Copy the lines of the data below exactly, starting at the first and stopping after the line that contains "The Verity Princess"; include no pictures.
+++ STORED DATA +++
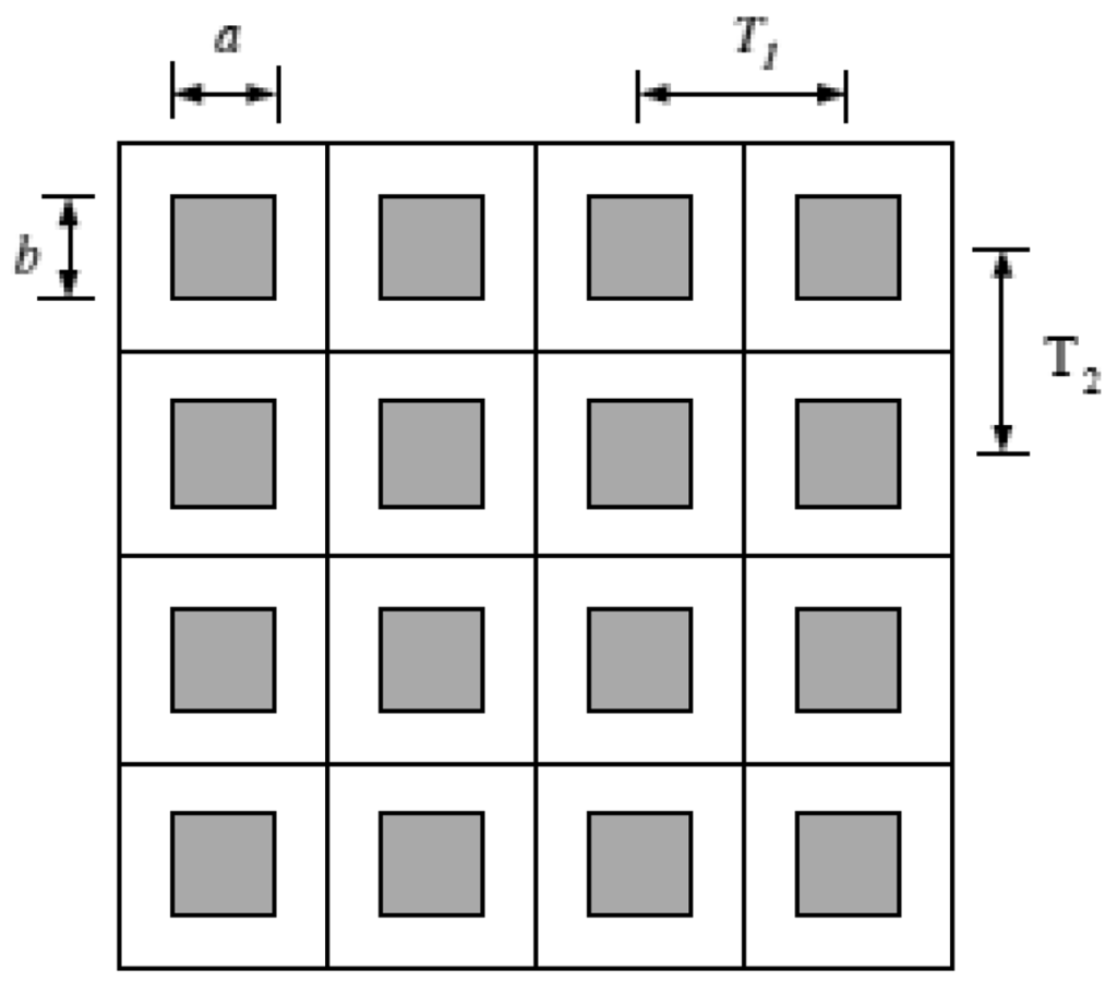 In this paper, we consider an IR system with a uniform rectangular detector array, which is illustrated in Figure 1, where a and b are the active region dimensions measured in millimeters (mm) and T1 and T2 are the horizontal and vertical sample spacings. The shaded areas represent the active region of each detector. In this case, the detector model PSF is given by [9]:
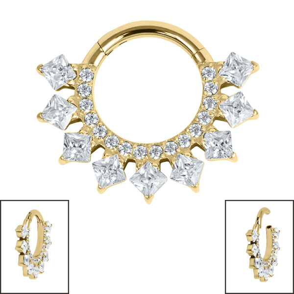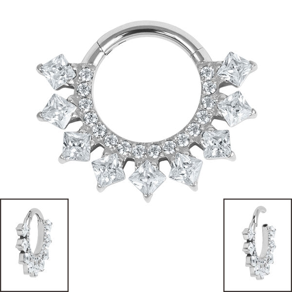 The Verity Princess Jewelled Hinged Clicker Ring, Is beautiful stunning and full of sparkle with its square cut gems surrounding the eternity style ring. It is also easy to use with its hinged opening that clicks shut for a secure closure. In top-quality Titanium, these are great for piercings like Septum, Conch etc. Available in 1.2mm gauge, 8mm
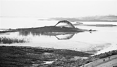 5月28日,清淤船正在安徽省巢湖市居巢区中垾镇镜巢湖沿岸吹填“人造湿地”。据了解,安徽巢湖清淤工程是国务院“三河、三湖”水污染治理重点国债项目之一,是巢湖污染治理及综合开发重要生态项目之一。目前,27公里的“人造湿地”初现雏形,已吹填完成的“湿地”上已栽上了芦苇、柳树、水生植物和一些挺水作物。
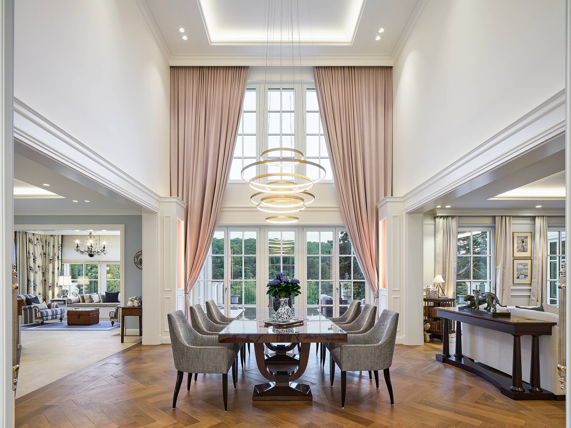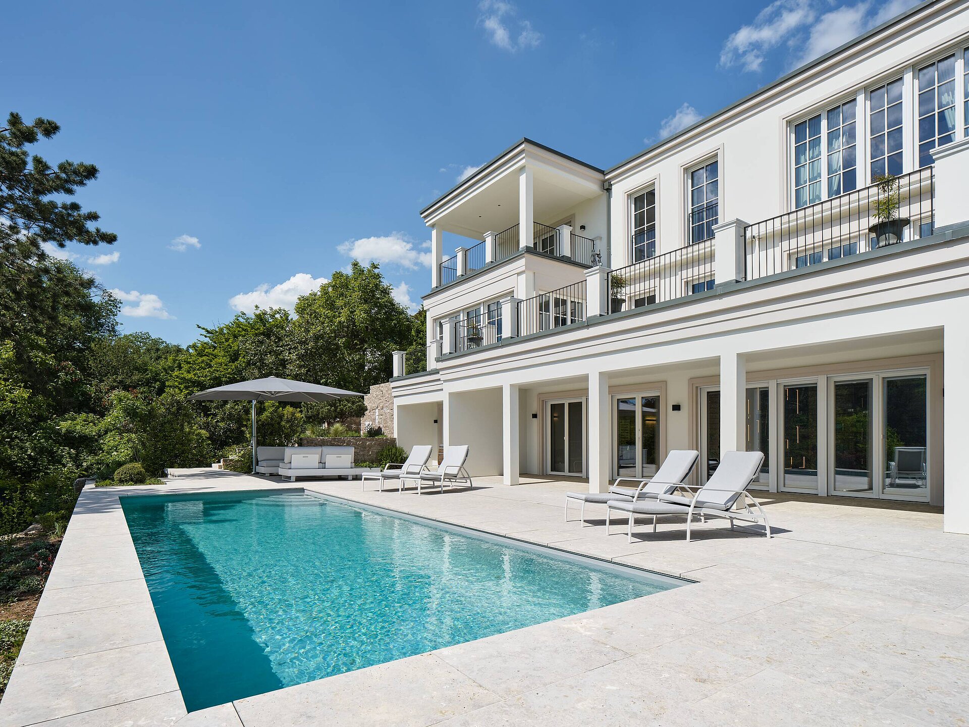Diese Villa präsentiert sich in einem gelungenen Stilmix aus traditionellen und zeitgenössischen Elementen. Mit der symmetrischen Gliederung, den großen Fenstern mit echten Holzsprossen, den Pilastern und dem von Säulen getragenen Vordach lehnt sie sich deutlich an die georgianische Architektur an. Auf der Rückseite präsentiert sich das Gebäude dagegen sehr modern und offen. Das stilvolle Zusammenspiel von klaren Linien und luxuriösen Details macht dieses Haus zu einem Meisterwerk individueller Architektur. Eine Inspirationsquelle für alle, die bei ihrem Neubau höchste Ansprüche an Design und Qualität stellen.
+++
**EXERCISE SOLUTION**
 In this paper, we consider an IR system with a uniform rectangular detector array, which is illustrated in Figure 1, where a and b are the active region dimensions measured in millimeters (mm) and T1 and T2 are the horizontal and vertical sample spacings. The shaded areas represent the active region of each detector. In this case, the detector model PSF is given by [9]:
 The Verity Princess Jewelled Hinged Clicker Ring, Is beautiful stunning and full of sparkle with its square cut gems surrounding the eternity style ring. It is also easy to use with its hinged opening that clicks shut for a secure closure. In top-quality Titanium, these are great for piercings like Septum, Conch etc. Available in 1.2mm gauge, 8mm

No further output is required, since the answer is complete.